Overview: Customers require a lot of attention and hand-holding before a deal is closed. Sales is supported with marketing and engineering resources for each individual deal. Onboarding is a long and involved process. Support teams offer high-touch training and issue resolution for current customers.

Examples: Salesforce, HubSpot, Marketo.

Sales: Long sales cycle and fewer, but much larger, transactions per rep.

The sales model determines the tasks of the salesperson.

For a tech salesperson, it’s important to understand which one of these sales models you’re getting into, especially during the interview process.

For example, sales responsibilities will be very different in low-average-deal-size Transactional sales versus high-average-deal-size Enterprise sales.

For the Transactional model, the sales cycle will be short, average deal size will be lower, and sales activity will be high volume—more calls, more emails.

For the Enterprise model, the sales cycle will be longer with more PowerPoint presentations and steak dinners, and the average deal size will be higher.

Comparing these two, Transactional and Enterprise, you’re probably thinking, “Well shoot, I should be getting into Enterprise sales.”

But you’ll need track record of top-performing closing experience on your resume before a company will trust you to hunt their enterprise “whale” accounts.

For this reason, entry-level salespeople in tech are most often hired as either:

  1. SDRs or BDRs in Enterprise sales
  2. AEs in Transactional sales

As an SDR / BDR in Enterprise sales, you’ll be cold calling outbound leads, qualifying inbound leads, and setting appointments for more-experienced AEs.

As an AE in Transactional sales, you’ll be owning the full sales cycle and working a pipeline of your own, but the average deal size will be lower, and therefore, you’ll have to make more calls and close more deals (compared to an Enterprise AE) in order to meet quota.

Click here to read more about the different job titles in tech sales.

Be careful about companies offering a sales position that doesn’t fit their business model.

Recall this part of the quote from John Barrows earlier:

“If you’re selling something that has a super low Average Contract Value (ACV), say, $1,000 for the year, it’s hard to justify having sales in that equation whatsoever.”

If a company is recruiting for an Enterprise AE position but their ACV is $1,000, that just doesn’t make any sense.
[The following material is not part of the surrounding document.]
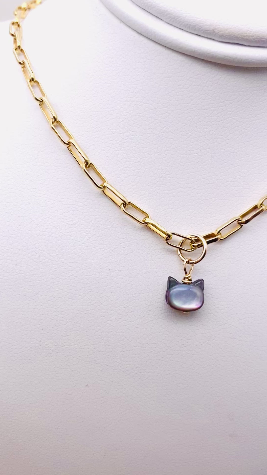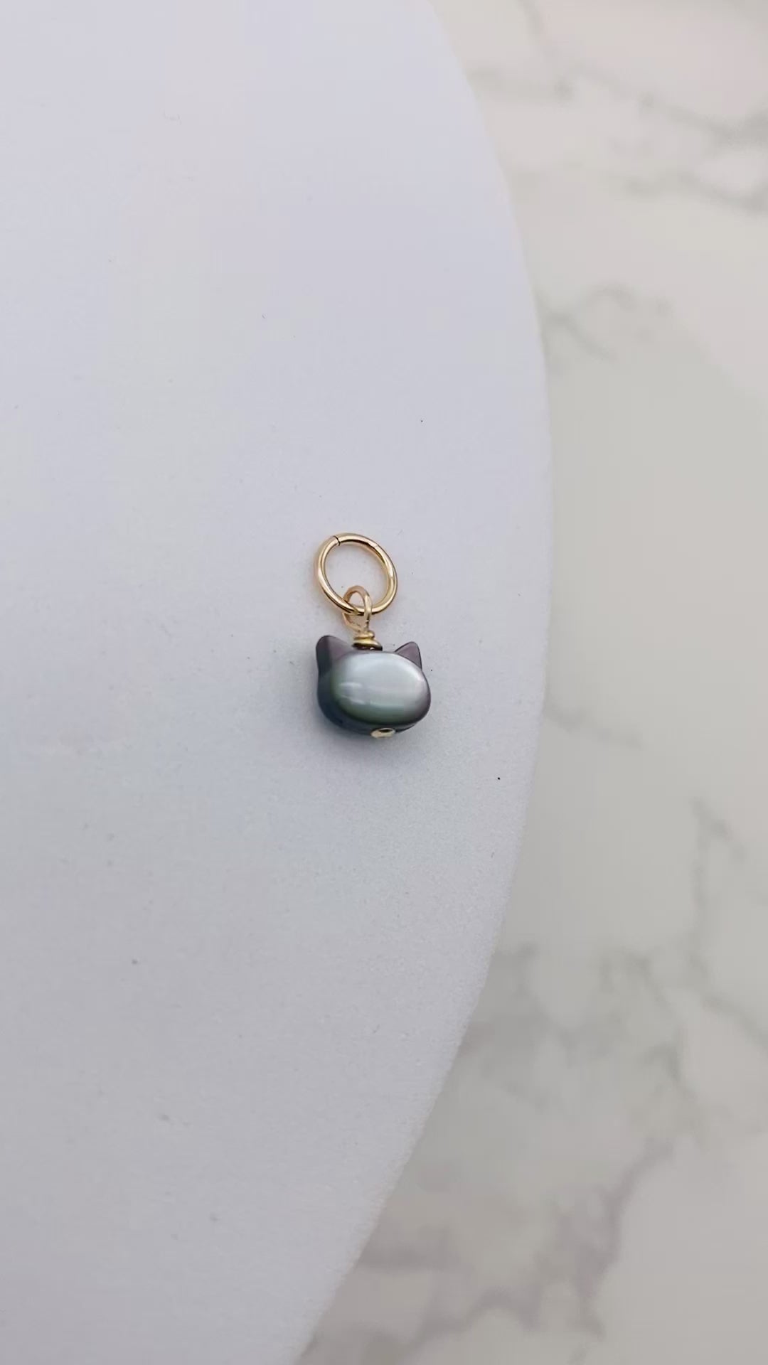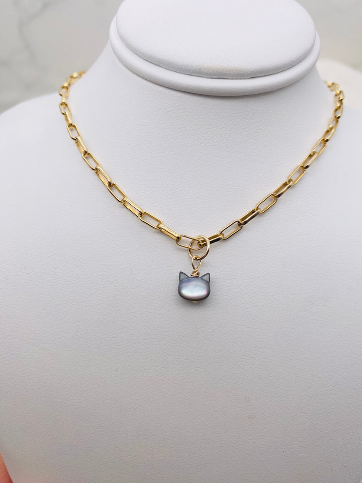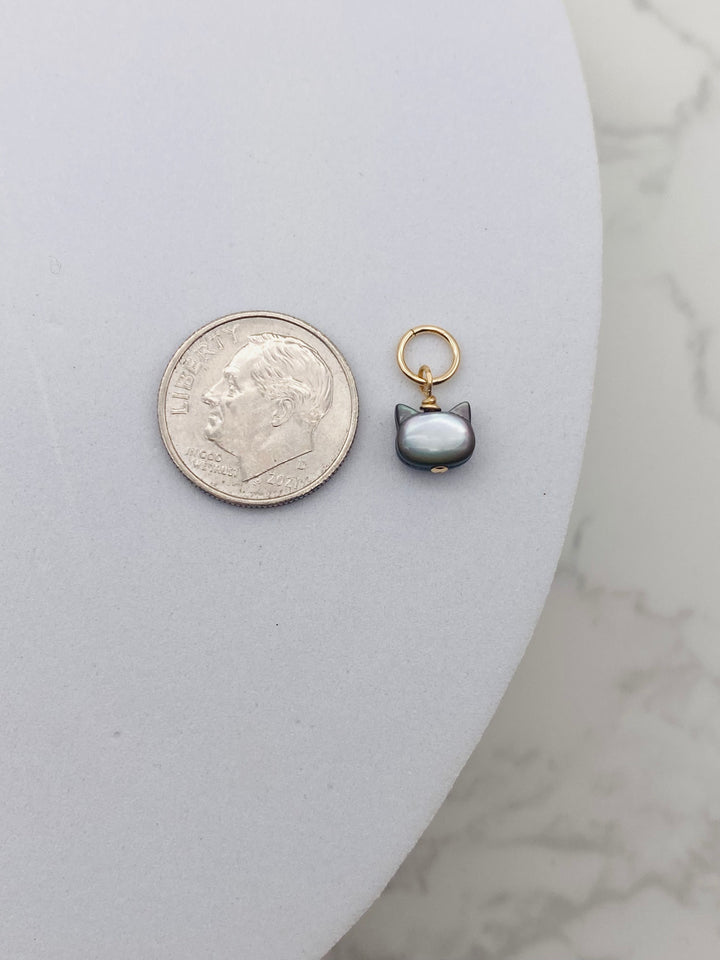 Kitty Mother of Pearl Charm - Gold Filled

Either their sales process really isn’t that complex and the job title is a misnomer, or their “Enterprise” AEs are working their tails off on a complex sales process with very low returns for the company (and low commission for the salesperson).

Traynor says the same thing in a different way:

“The problem is that being in the lower left means you usually end up with a high amount of low value customers. This limits how you can acquire customers. Spending $300 to acquire customers for a $99 product isn’t economical.”

Spending on acquiring customers includes salary and commissions for salespeople. So, in other words, if you have a cheap product, you can’t afford to pay your salespeople very much. Or, you’ll be able to pay your salespeople just enough, but then you’ll have to work them to the bone in order to make the business model profitable.

Be wary of recruiters who sell the dream on a sales role that doesn’t match up with the company business model, especially for startups that might not have their business model totally defined.